* _Supplied material_
┄┄┄┄┄┄┄┄┄┄

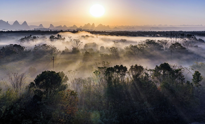 桂林市象山区二塘乡的清晨,寒雾被朝阳温柔撕开,金辉如暖手轻抚大地,朦胧中透出融融暖意,似一声低语唤醒了沉睡的冬野。(阳朔县纪委监委供 陈彦/摄)
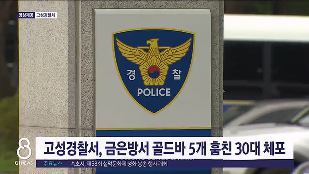 고성경찰서, 금은방서 골드바 5개 훔친 30대 체포
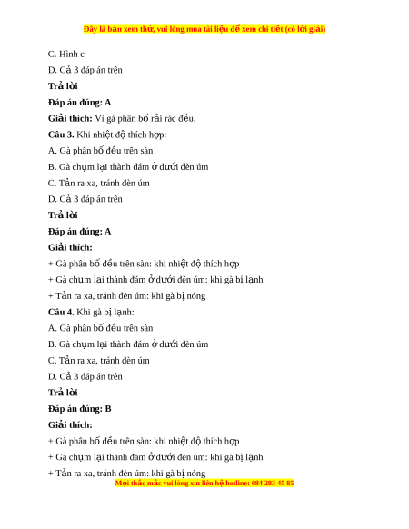 Giải thích: Vì gà phân bố r i ả rác đ u. ề Câu 3. Khi nhi t ệ đ t ộ hích h p: ợ A. Gà phân bố đ u ề trên sàn B. Gà ch m ụ l i ạ thành đám d ở ư i ớ đèn úm C. T n r ả a xa, tránh đèn úm D. C 3 đáp án ả trên Trả l i ờ Đáp án đúng: A Giải thích: + Gà phân b đ ố u t ề rên sàn: khi nhi t ệ đ t ộ hích h p ợ + Gà ch m ụ l i ạ thành đám d ở ư i ớ đèn úm: khi gà b l ị nh ạ + T n r

┄┄┄┄┄┄┄┄┄┄

* _Task prompt_
Exclude the images and reproduce the remaining data exactly.

* _Response_
 桂林市象山区二塘乡的清晨,寒雾被朝阳温柔撕开,金辉如暖手轻抚大地,朦胧中透出融融暖意,似一声低语唤醒了沉睡的冬野。(阳朔县纪委监委供 陈彦/摄)
 고성경찰서, 금은방서 골드바 5개 훔친 30대 체포
 Giải thích: Vì gà phân bố r i ả rác đ u. ề Câu 3. Khi nhi t ệ đ t ộ hích h p: ợ A. Gà phân bố đ u ề trên sàn B. Gà ch m ụ l i ạ thành đám d ở ư i ớ đèn úm C. T n r ả a xa, tránh đèn úm D. C 3 đáp án ả trên Trả l i ờ Đáp án đúng: A Giải thích: + Gà phân b đ ố u t ề rên sàn: khi nhi t ệ đ t ộ hích h p ợ + Gà ch m ụ l i ạ thành đám d ở ư i ớ đèn úm: khi gà b l ị nh ạ + T n r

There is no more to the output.